Cholesterol And Host Cell Surface Proteins Contribute To Cell-Cell Fusion Induced By The Burkholderia Type Vi Secretion System 5

Following escape into the cytoplasm of host cells, Burkholderia pseudomallei and the related species Burkholderia thailandensis employ the type VI secretion system 5 ( T6SS-5) to induce plasma membrane fusion with an adjacent host cell. This process leads to the formation of multinucleated giant cells and facilitates bacterial access to an uninfected host cell in a direct manner. Despite its importance in virulence, the mechanism of the T6SS-5 and the role of host cell factors in cell-cell fusion remain elusive. To date, the T6SS-5 is the only system of bacterial origin known to induce host-cell fusion. To gain insight into the nature of T6SS-5-stimulated membrane fusion, we investigated the contribution of cholesterol and proteins exposed on the host cell surface, which were shown to be critically involved in virus-mediated giant cell formation.

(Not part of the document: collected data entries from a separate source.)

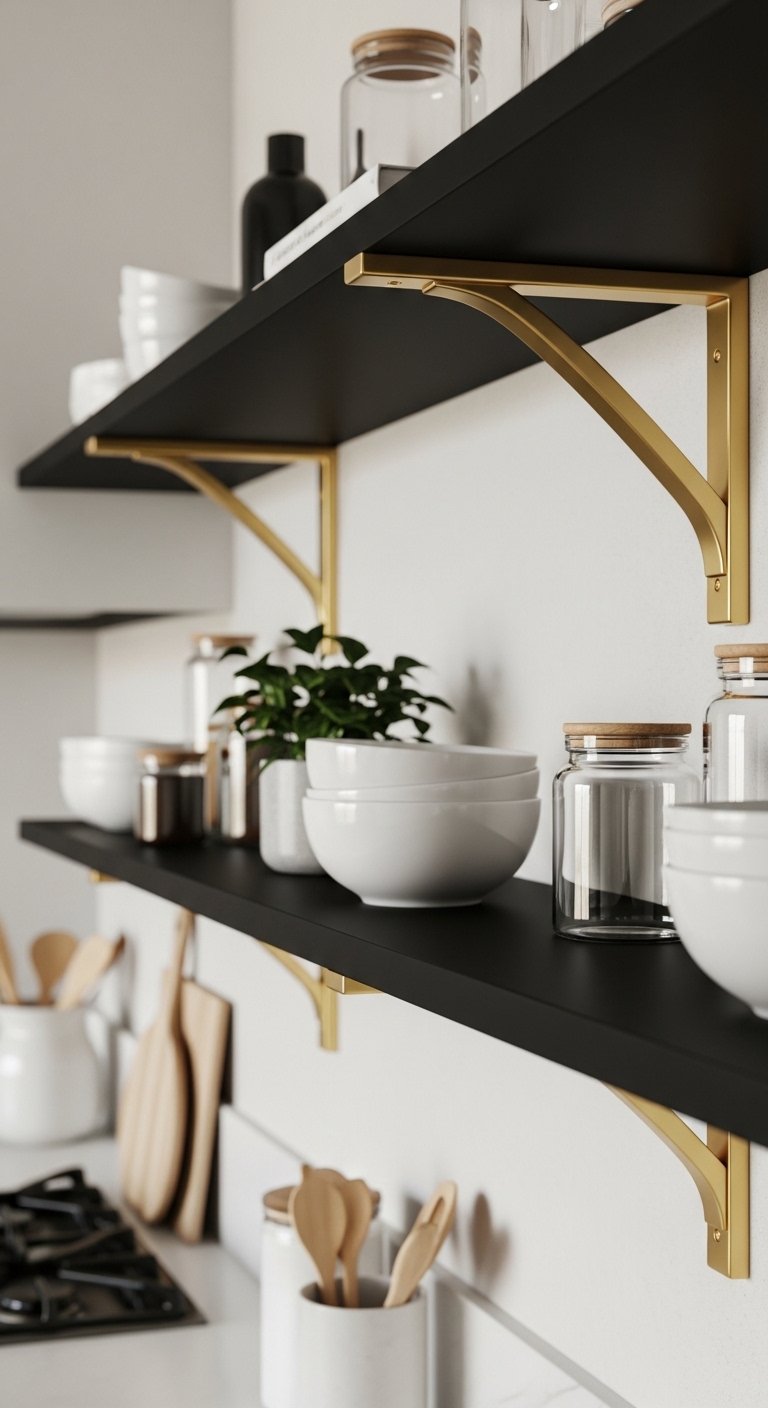 7. Black Open Shelving with Gold Brackets for Elegant Display Style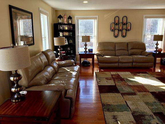 REDUCED PRICE!! Spectacular colonial with PRIVATE BEACH on ARLINGTON POND. Stunning year round views from 3 floors! Ground level entertaining or IN-LAW POTENTIAL living space - features sliders to the beach, summer kitchen with granite topped island and counters, full bath and laundry. Main floor open concept hardwood floors, to the deck, half bath and full appliance kitchen. Second floor has 4 spacious bedrooms, 2 balconies, a fabulous full bath and walk up to the 'ready to finish' attic. Outdoors many of the fun extras to stay - 2 stationary and 1 floating docks, fire pit, custom 12 ft. picnic table and sweet heart swing. Listing agent is related to sellers.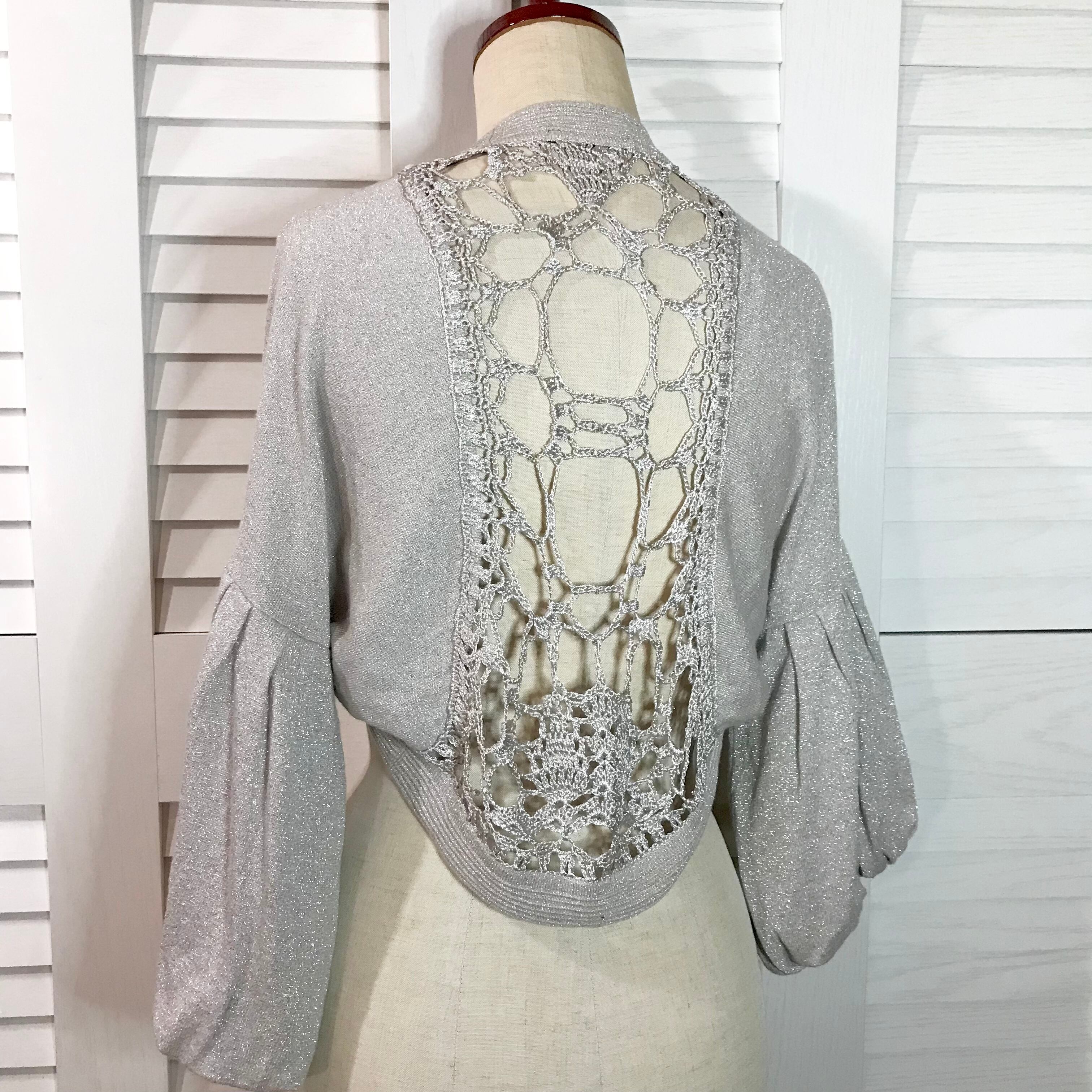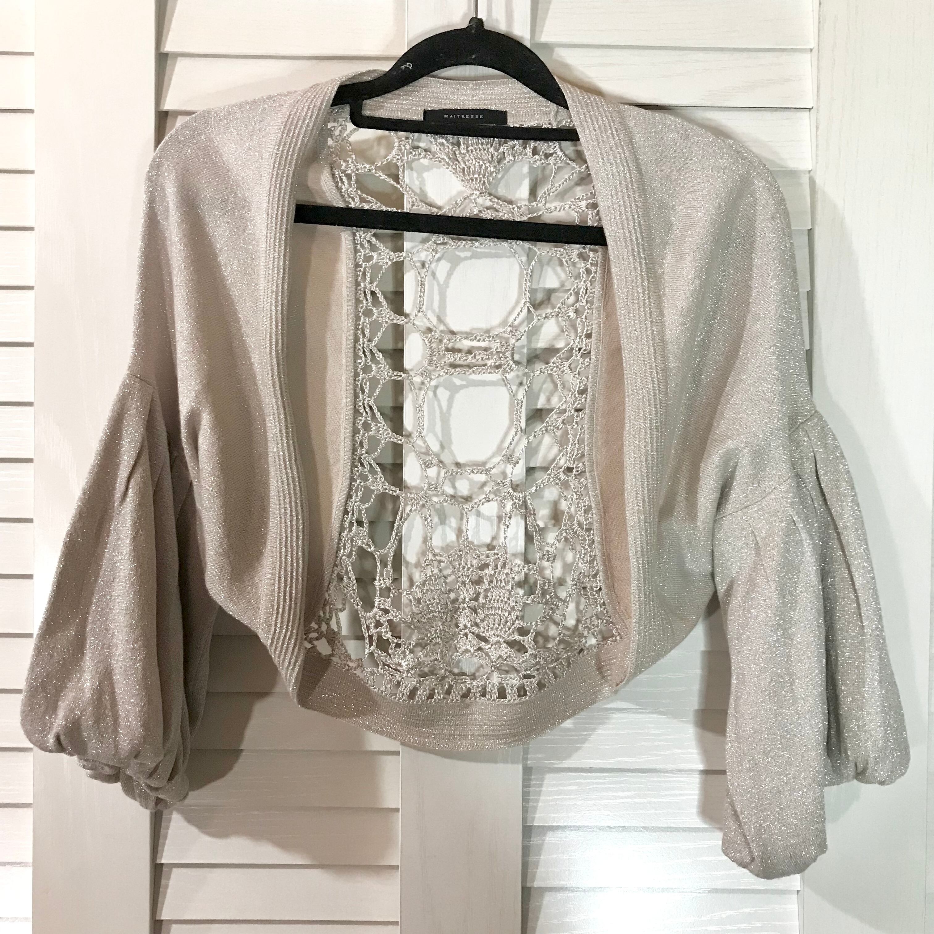 霧沙慈さん専用◎MAITRESSE カギ編みバックレース バルーンスリーブ ラメ入りニットボレロ ライトベージュ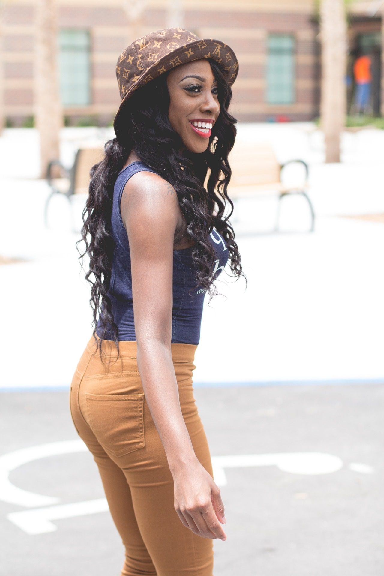 African American Black Woman in LV Hat Blue Tank Top
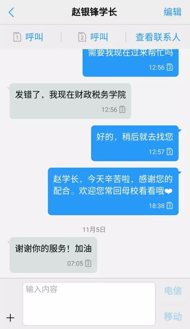 对接联络志愿者的短信截图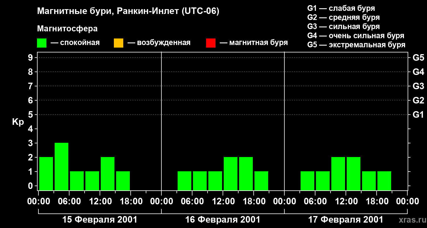Магнитные бури в Ранкин-Инлете 17 февраля 2001 года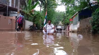 റോഡിലെ വെള്ളക്കെട്ടിൽ കുത്തിയിരുന്ന് കോൺഗ്രസ് നേതാവിന്റെ പ്രതിഷേധം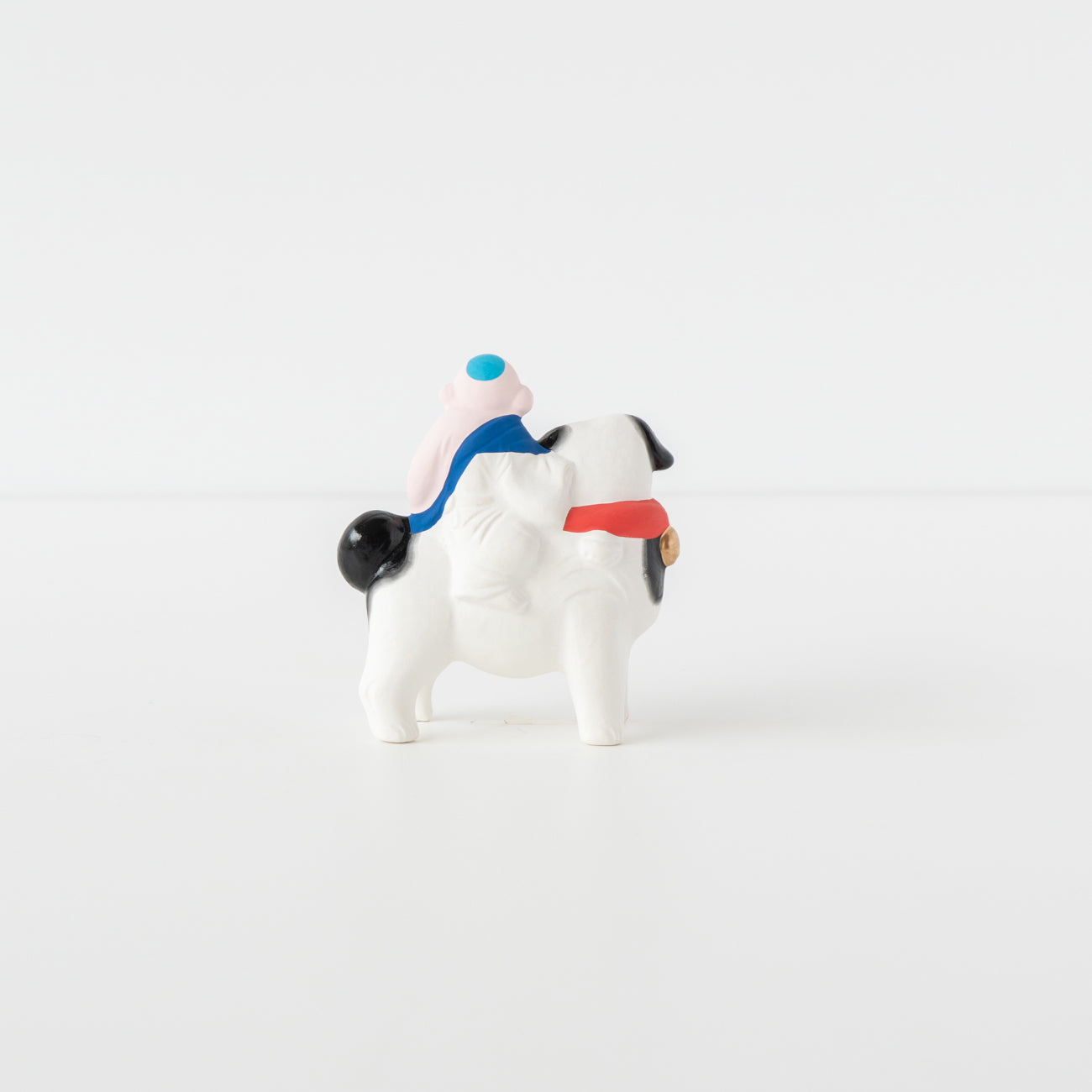 狆は江戸時代から明治時代にかけて人々に愛された小型犬。室内で飼われ、黒い耳と巻いた尻尾が特徴。しかし明治時代になり、各種の洋犬が日本に入ってくるとその人気に押されて次第に姿を消し、大正時代に激減したと云われています。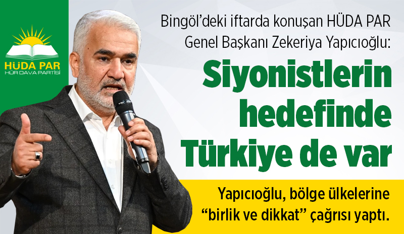 Bingöl'de HAKSİAD'ın iftar programında konuşan HÜDA PAR Genel Başkanı Zekeriya Yapıcıoğlu, Siyonist saldırganlığın Filistin'le sınırlı kalmayacağını belirterek, 'Vadedilmiş topraklar hedefinde Türkiye de var' dedi. Yapıcıoğlu, bölge ülkelerine 'birlik ve dikkat' çağrısı yaptı.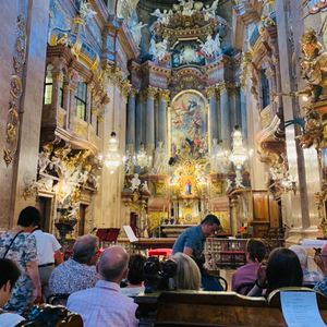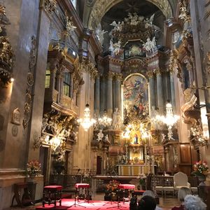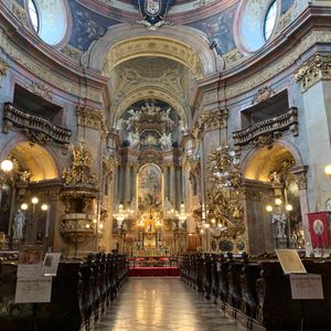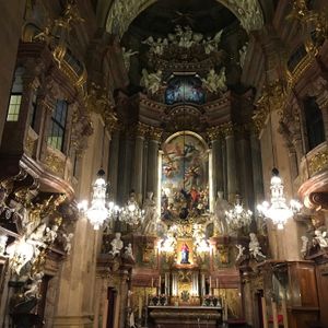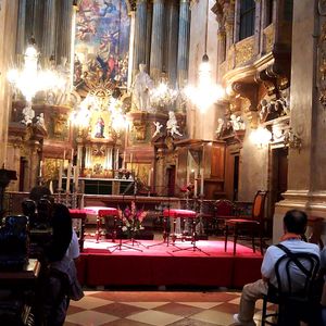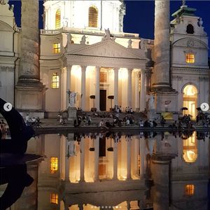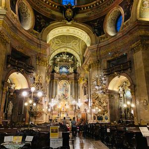 今回大きなホールでのコンサートとこちらのカールス教会と両方行きましたがどちらもとてもオススメです さすがウィーン音楽の街ですね 小さな教会でしたが目の前で聴けるという特典があり とても素敵な教会で オーケストラの方々も素晴らしい演奏でした 私はピアノを弾きますし色々なコンサートにも行っていますがこちらのコンサートはベスト3に入ると感じました ぜひオススメです お一人の方でも良いですよ 夜の教会はとても綺麗でした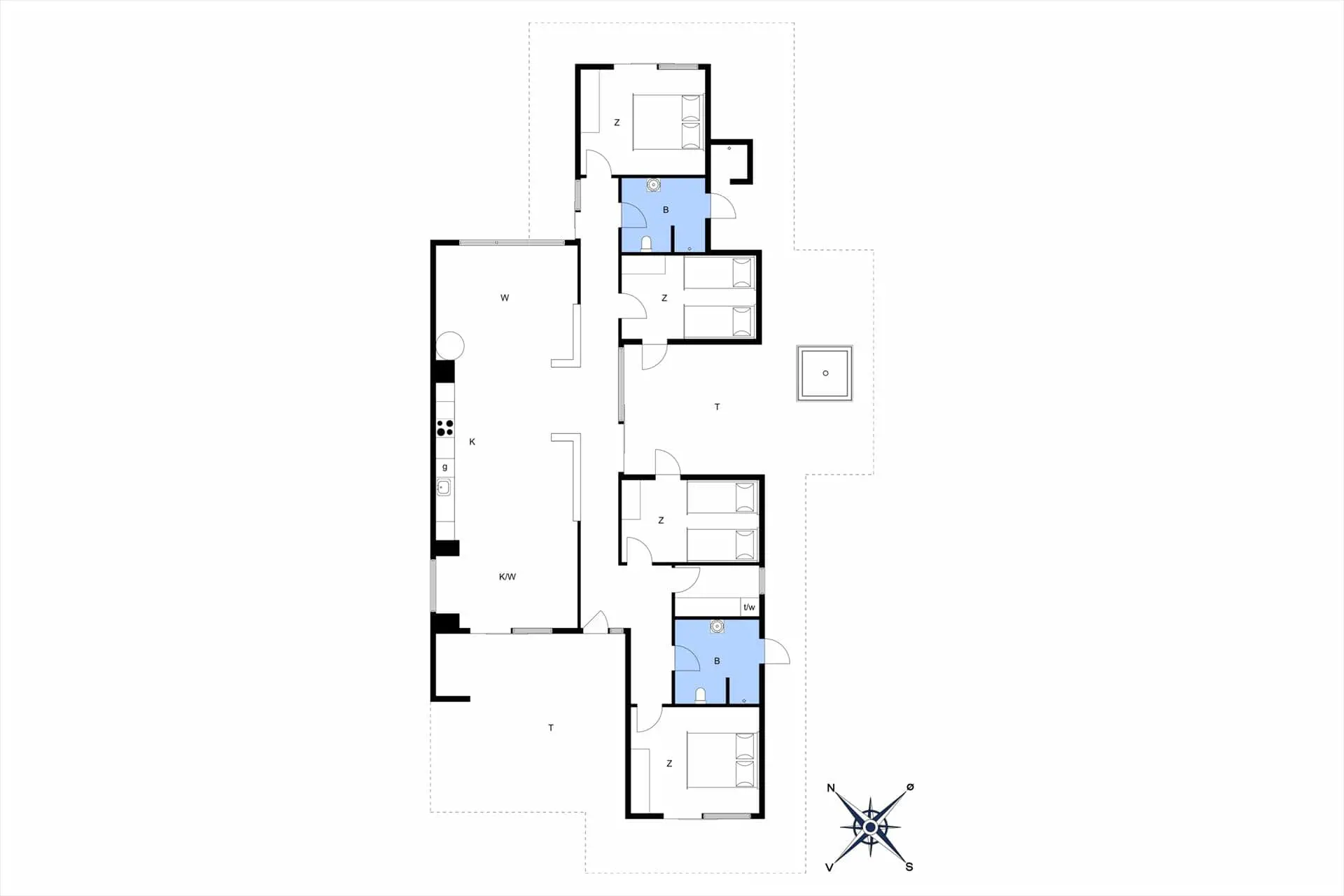 Das Ferienhaus liegt angenehm ungestört auf einem großen Grundstück, das sich wunderbar in die reizvolle Natur am Ende der kleinen Sackgasse einfügt. Wege und Pfade laden zu kurzen und langen Spaziergängen in der schönen Landschaft Blåvands ein. Nach rund einem Kilometer erreichen Sie den Ortskern des lebendigen Badeortes Blåvand, in dem das gesamte Jahr hindurch interessante Geschäfte und gute Lokalitäten zum Bummeln und Verweilen einladen. Ein wenig weiter entfernt freuen sich der schöne Blåvand Strand und die Nordsee auf Ihren Besuch. Zu den gut erreichbaren Sehenswürdigkeiten des Badeortes zählen der Leuchtturm Blåvandshuk Fyr, der Blåvand Zoo und das eindrucksvolle Tirpitz-Museum.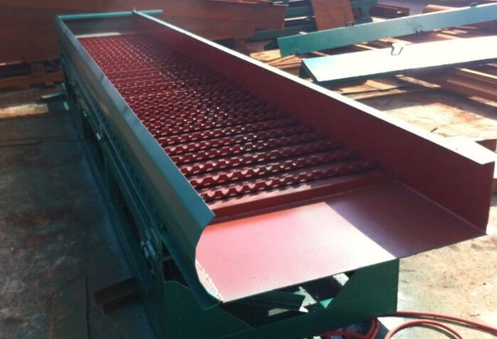 我公司鼓動溜槽現有兩種產品,一種為間歇型排礦鼓動溜槽,一種為自動排礦鼓動溜槽。自動排礦鼓動溜槽為我新型產品,為第五代鼓動溜槽。結合國內外鼓動溜槽選金經驗,制造出的新一代的選金設備。設備自動排礦,將所有重金屬收集到精料倉內,自動排出,不停機。經過選礦測試單體金回收率高達95%。甘肅一處含泥量較高的沙金礦單體金回收率97%。

In particular, we analyzed the effect of host cell surface protein and cholesterol depletion on the formation of multinucleated giant cells induced by B. thailandensis. Acute protease treatment of RAW264.7 macrophages during infection with B. thailandensis followed by agarose overlay assays revealed a strong reduction in the number of cell-cell fusions compared with EDTA treated cells. Similarly, proteolytic treatment of specifically infected donor cells or uninfected recipient cells significantly decreased multinucleated giant cell formation. Furthermore, modulating host cell cholesterol content by acute cholesterol depletion from cellular membranes by methyl-beta-cyclodextrin treatment or exogenous addition of cholesterol impaired the ability of B. thailandensis to induce cell-cell fusions. The requirement of physiological cholesterol levels suggests that the membrane organization or mechanical properties of the lipid bilayer influence the fusion process. Altogether, our data suggest that membrane fusion induced by B. pseudomallei and B. thailandensis involves a complex interplay between the T6SS-5 and the host cell.